The major broadcast networks were shut out of the prestigious category, a repeat of last year and a particular blow with the entry of Netflix's streamed drama. "Boardwalk Empire" was the only show not to return in the category, its spot claimed by "House of Cards."
In the comedy series category, nominees are "The Big Bang Theory," ''Girls," ''Louie," ''Modern Family," ''Veep" and "30 Rock," recognized for its final season. Another outgoing comedy, "The Office," didn't receive a best series nod.
A 6-year-old TV academy rules change allows online entries to compete with cable and broadcast programs, although so far Internet shows have popped up only in lower-profile categories. That changed with the 65th Primetime Emmys.
"It certainly is a marker of the new era. ... It will send shock waves through the industry," said Tim Brooks, a TV historian and former network executive, predicted on the eve of the nominations.
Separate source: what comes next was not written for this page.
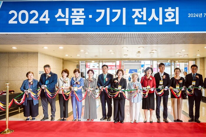 ▲2024 식품·기기 전시회 개막식 기념사진. 한국농수산식품유통공사 김춘진 사장(좌측 6번째) |

They were announced by Aaron Paul, a previous winner for "Breaking Bad" and nominated again this year, and, in a surprise, Emmy host Neil Patrick Harris. He filled in "House of Cards" actress Kate Mara, kept in Santa Fe, N.M., by a plane's mechanical malfunction.
"Special thanks to Kate Mara for getting me out of the house before my kids start screaming and crying," Harris said.
An in-demand emcee, the "How I Met Your Mother" star earned a bid for hosting Broadway's Tony Awards.
Joining Spacey in the contest for best drama series actor are Hugh Bonneville of "Downton Abbey"; Jon Hamm of "Mad Men"; Jeff Daniels of "The Newsroom" and Damian Lewis of "Homeland," last year's winner.
Kevin Bacon, one of the big-screen stars trying their hand at TV, was not recognized in the category for "The Following."
Actresses nominated for their drama series work besides Wright include Vera Farmiga of "Bates Hotel"; Michelle Dockery of "Downtown Abbey;" Elisabeth Moss of "Mad Men"; Connie Britton of "Nashville" and Kerry Washington of "Scandal." Claire Danes, last year's winner for "Homeland," got a nod.